All my pups got to run off leash, but on checkcords, as soon as possible. 
Some would not venture to far, maybe 30 yards out. June would back track if she couldn't see me on the path. Cash would sit down and howl, if he thought he lost me. 
Lucy with her big range, and high drive would forget you even existed.
That little pup could be 100 yards out, chasing anything that moved.
Keep in mind she was bred to run big, and was field trial lines top bottom and sideways. I have not came across many Vizslas with her drive, and range. I had to run her where there was no water, and she learned I had the only water. Also carried birds in my bag. Get her attention by calling out Hey, Hey, Hey. Then toss a bird in the air, when she looked my way. I ecollar conditioned her at 5 months old.
Shine has lots of drive, and runs bigger than most. But she still wanted to know where you are. 
My other Vizslas came to me as adults.


----------



## gunnr (Aug 14, 2009)

I'm glad it worked out for you. As he gets older, he will range out more
I'm still a big advocate of the check cord. It's been an essential dog training tool for centuries. A check cord only cost a few dollars. Chasing down a frightened, inexperienced, puppy is not fun. 
Each dog will find it's range. As with Texasred, I also had a big running girl and she was not going to check back on you. Once she was off, she was off, and it was up to you to keep up.
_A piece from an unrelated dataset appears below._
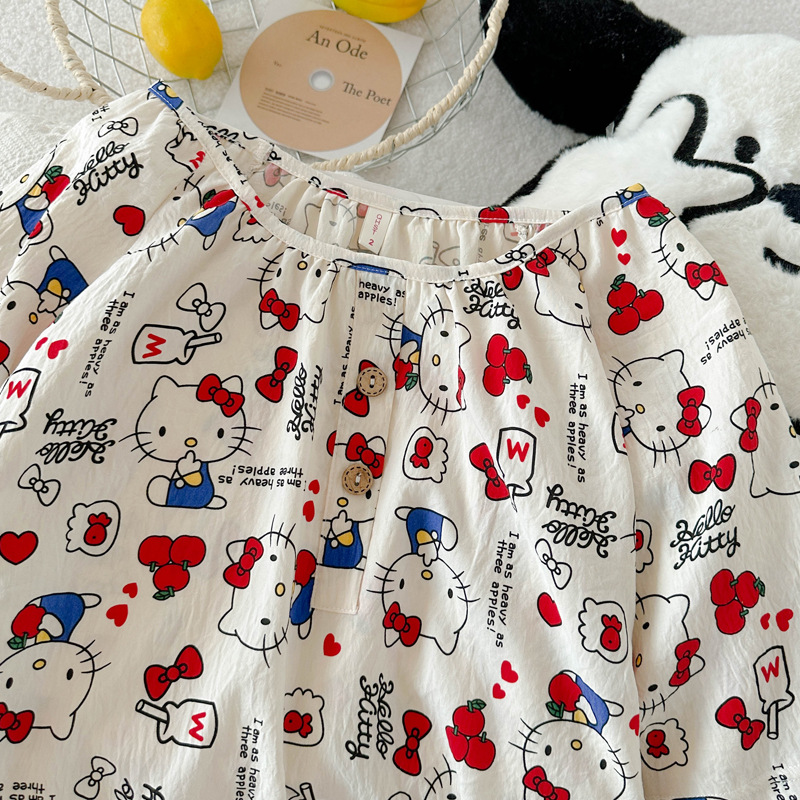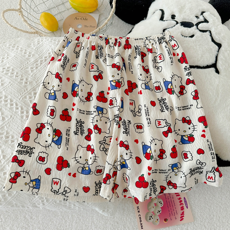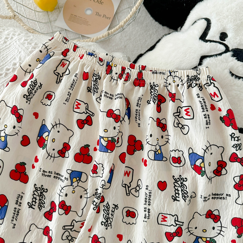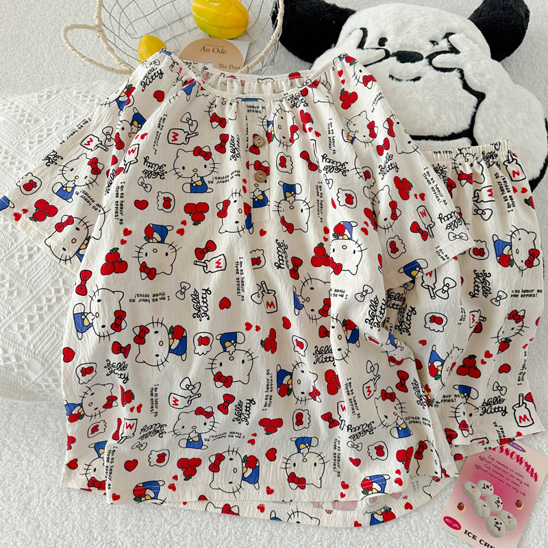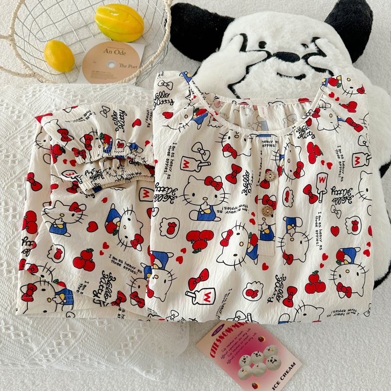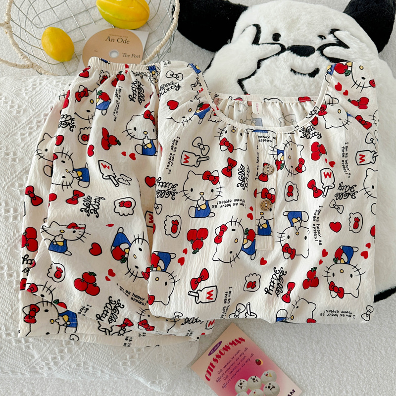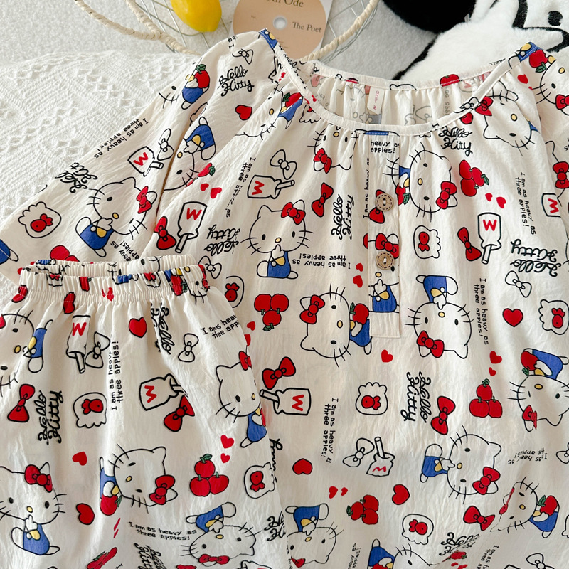KT 고양이 잠옷 여성 여름 반팔 반바지 클라우드 코튼 라운드 넥 귀여운 학생은 집 밖에서 입을 수 있습니다.스토어 가기

It took a lot to control her in the woods.
My first V was absolutely under control, until the moment he was not. It took two years to find it, but he had a hole in his training. He learned to run deer with a psychotic passion. After chasing him twice, for 2+ hours through the forest and swamp, we had to fix that problem!!
Finn will yo-yo his range, but has no problems putting 150+ yards between you and him. He still goes on and off the check cord because he sometimes forgets his recall manners, even though he has an eCollar on. It's still important to be able to extend the leash, and enforce the command.
Check cords are very cheap insurance.


----------